Finite element analysis of thermal contact resistance in Press-Pack IGBT module

Abstract

PP IGBT is a new type of electronic device, which has different characteristics, such as compact structure, double-sided heat dissipation, and large scale parallel chip can be realized in a single device. It is widely used in power system engineering applications such as flexible direct current transmission, flexible alternating current transmission, and photovoltaic access. PP IGBT are generally used in series applications requiring external pressure to maintain electrical and mechanical connections between the internal components. For PP IGBT, thermal resistance is an important indicator related to its thermal characteristics. The thermal resistance of PP IGBT includes not only the thermal resistance of the material of each component, but also the thermal contact resistance. A plurality of contact surfaces is formed between each material layer inside the device to form a thermal contact resistance. Insufficient contact surface will increase the thermal contact resistance, resulting in high temperature or uneven temperature distribution.
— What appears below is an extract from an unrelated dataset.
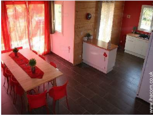
general floor plan
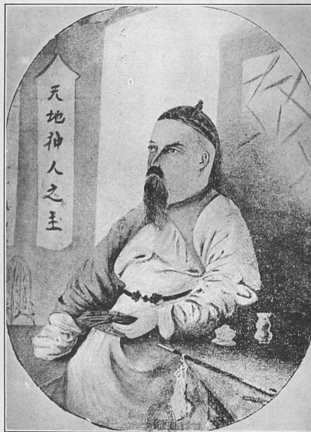
LE R. P. HUC EN COSTUME CHINOIS

France. We put on a long yellow robe, fastened at the right side with five gilt buttons, and round the waist by a long red sash; over this was a red jacket, with a collar of purple velvet; a yellow cap, surmounted by a red tuft, completed our new costume. Breakfast followed this decisive operation, but it was silent and sad. When the Comptroller of the Chest brought in some glasses and an urn, wherein smoked the hot wine drunk by the Chinese, we told him that having changed our habit of dress, we should change also our habit of living. "Take away," said we, "that wine and that chafing dish; henceforth we renounce drinking and smoking. You know," added we, laughing, "that good Lamas abstain from wine and tobacco." The Chinese Christians who surrounded us did not join in the laugh; they looked at us without speaking and with deep commiseration, fully persuaded that we should inevitably perish of privation and misery in the deserts of Tartary" 1

Therefore, the thermal contact resistance will have an important effect on its performance. In this paper, through the establishment of single die PP-IGBT module three-dimensional finite element model, thermal-electrical-structural coupling analysis was carried out on PP IGBT. Calculate and compare the values of the thermal contact resistance of the devices before and after 250000 power cycles experiment. The effect of the contact surface morphology on the thermal contact resistance is mainly studied. Furthermore, the effect of the thermal contact resistance of all material layers on the overall thermal resistance of the PP-IGBT is obtained.